One other question I have on this bug is due to the dynamic nature of the DVR routers that are geting created when a service port pops up, is there any delay in the VMs to get to the proxy.

Is it for the new routers attached to the VMs subnet or also for the old routers that pre-exist cause issues.

It seems the delay happens only for the new routers that are yet to be created on the compute node for the service vms that pop up. Once the router is in place there is no delay in reaching the metadata.

In this case we need to figure out what is the time it takes for a new router to pop up after the VM port has been created on a compute node and if that time delta is less than the 20 retries by the VM to reach the metadata.
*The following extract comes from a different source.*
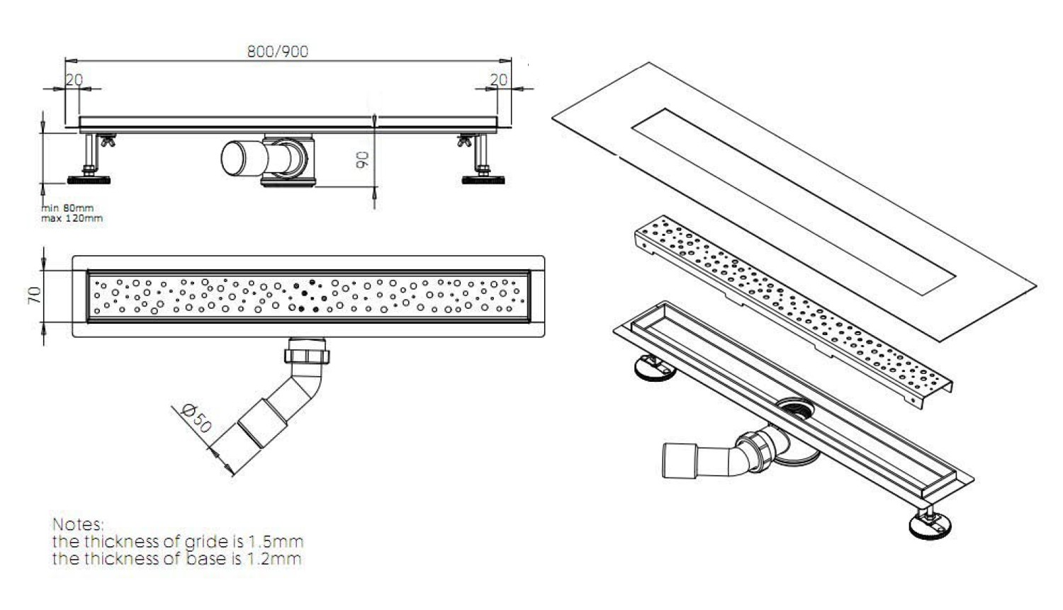 Horizontální lem pro napojení hydroizolace. Odtokový průtok: 30 l/min Redukce DN40/DN50 pro napojení odpadního potrubí je součástí balení. Butylová páska vyztužená PES rounem pro snažší napojení na hydroizolaci je součástí balení. Žlab je vyspádován do středu pro lepší odvod vody.Odtokový žlab slouží k odvodnění podlahových ploch uvnitř budov, zejména sprchových koutů a koupelen. Ve sprchových koutech nahrazuje vaničku nebo podlahovou vpusť. Toto řešení umožňuje neomezenou velikost…

I am going to close this bug, partly because it is so old without any updates, but also because there have been a number of improvements over the past few cycles wrt scaling that this is probably not as much an issue any more.

@brain-haley, We continue to see this on Rocky. Are there specific commits that you think might've fixed this issue? I'd like to cherry-pick those fixes back if they are available on later releases.

@arun-mithil could you please describe the test you're performing? Does it only create new VMs, or creates and deletes periodically? In what batches are VMs created? what are the results?

@obondarev We hit this during our daily integration tests where we create and delete VMs on a test network attached to a DVR router. We run into this almost always on the first VM to be created on that host that is attached to the test network.

We narrowed this down to the fact that neutron-l3-agent spins down any unused DVR routers on hosts until they are needed again. When the first VM on the network is scheduled to run on that host, the router namespace and associated metadata-proxy process is also spun up in parallel. Unfortunately, the VM comes up and sends metadata requests much before the router namespace is set up, causing cloud-init to fail.

Interestingly, we were able to work around this by deploying cirros VMs on all hosts to ensure that the router namespaces are never cleaned up. That's quite ugly though.